- [About this exercise]
Using only the entries below, output the lines starting at the one containing "1月10日,在北京市延慶縣大" and ending at the one containing "А как ты думаешь, о", exactly and inclusive of both, omitting the pictures.

- [Input data]
┏━━

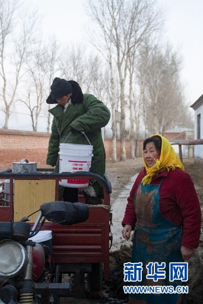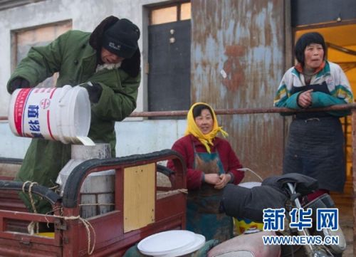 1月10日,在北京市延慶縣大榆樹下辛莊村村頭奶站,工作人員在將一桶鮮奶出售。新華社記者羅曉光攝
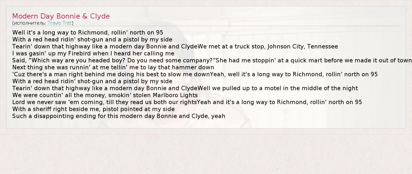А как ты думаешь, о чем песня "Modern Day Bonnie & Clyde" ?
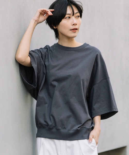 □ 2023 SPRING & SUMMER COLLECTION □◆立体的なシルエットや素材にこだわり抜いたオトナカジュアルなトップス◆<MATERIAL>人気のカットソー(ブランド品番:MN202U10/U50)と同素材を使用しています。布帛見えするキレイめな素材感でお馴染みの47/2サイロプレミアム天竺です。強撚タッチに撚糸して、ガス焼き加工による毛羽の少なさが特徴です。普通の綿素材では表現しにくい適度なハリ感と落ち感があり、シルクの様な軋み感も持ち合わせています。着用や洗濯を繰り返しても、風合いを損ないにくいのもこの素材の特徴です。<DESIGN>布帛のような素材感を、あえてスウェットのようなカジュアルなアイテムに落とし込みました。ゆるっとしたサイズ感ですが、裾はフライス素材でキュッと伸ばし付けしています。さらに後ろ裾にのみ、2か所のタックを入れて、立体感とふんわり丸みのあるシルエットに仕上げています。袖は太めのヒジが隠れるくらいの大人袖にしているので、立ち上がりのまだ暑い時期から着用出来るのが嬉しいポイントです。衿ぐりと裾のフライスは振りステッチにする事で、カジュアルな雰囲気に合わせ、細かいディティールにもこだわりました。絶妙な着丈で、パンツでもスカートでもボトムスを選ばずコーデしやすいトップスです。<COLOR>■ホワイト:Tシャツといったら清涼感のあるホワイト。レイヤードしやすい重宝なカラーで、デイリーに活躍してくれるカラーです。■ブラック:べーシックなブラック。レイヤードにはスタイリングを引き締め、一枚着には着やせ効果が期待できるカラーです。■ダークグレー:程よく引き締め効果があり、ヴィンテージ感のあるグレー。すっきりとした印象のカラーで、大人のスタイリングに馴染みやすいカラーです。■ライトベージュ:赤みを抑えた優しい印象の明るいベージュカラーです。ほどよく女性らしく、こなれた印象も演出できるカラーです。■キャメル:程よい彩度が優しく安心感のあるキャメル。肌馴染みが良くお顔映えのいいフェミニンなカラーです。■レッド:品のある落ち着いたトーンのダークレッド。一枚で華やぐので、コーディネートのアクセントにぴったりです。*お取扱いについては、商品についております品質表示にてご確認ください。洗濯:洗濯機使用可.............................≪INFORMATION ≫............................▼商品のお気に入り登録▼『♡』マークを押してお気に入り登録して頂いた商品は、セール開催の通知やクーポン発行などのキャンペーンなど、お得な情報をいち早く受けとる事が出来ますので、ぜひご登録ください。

┗━━
┏━━

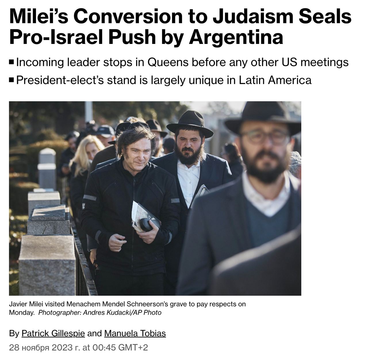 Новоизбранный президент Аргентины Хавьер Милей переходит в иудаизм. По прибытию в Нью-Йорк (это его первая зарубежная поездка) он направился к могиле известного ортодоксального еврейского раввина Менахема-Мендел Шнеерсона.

┗━━
┏━━

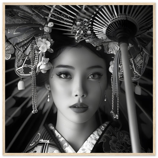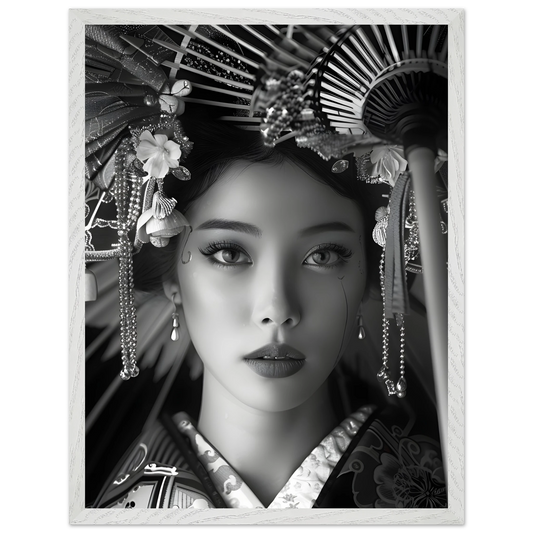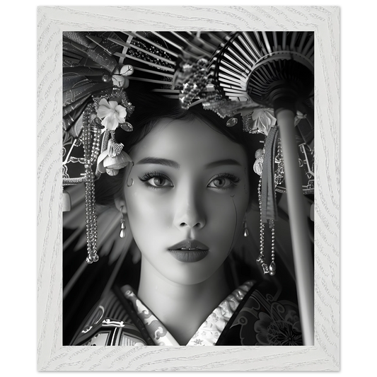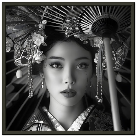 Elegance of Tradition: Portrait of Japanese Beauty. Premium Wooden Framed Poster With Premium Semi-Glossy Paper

┗━━

- [Answer space]
 1月10日,在北京市延慶縣大榆樹下辛莊村村頭奶站,工作人員在將一桶鮮奶出售。新華社記者羅曉光攝
А как ты думаешь, о чем песня "Modern Day Bonnie & Clyde" ?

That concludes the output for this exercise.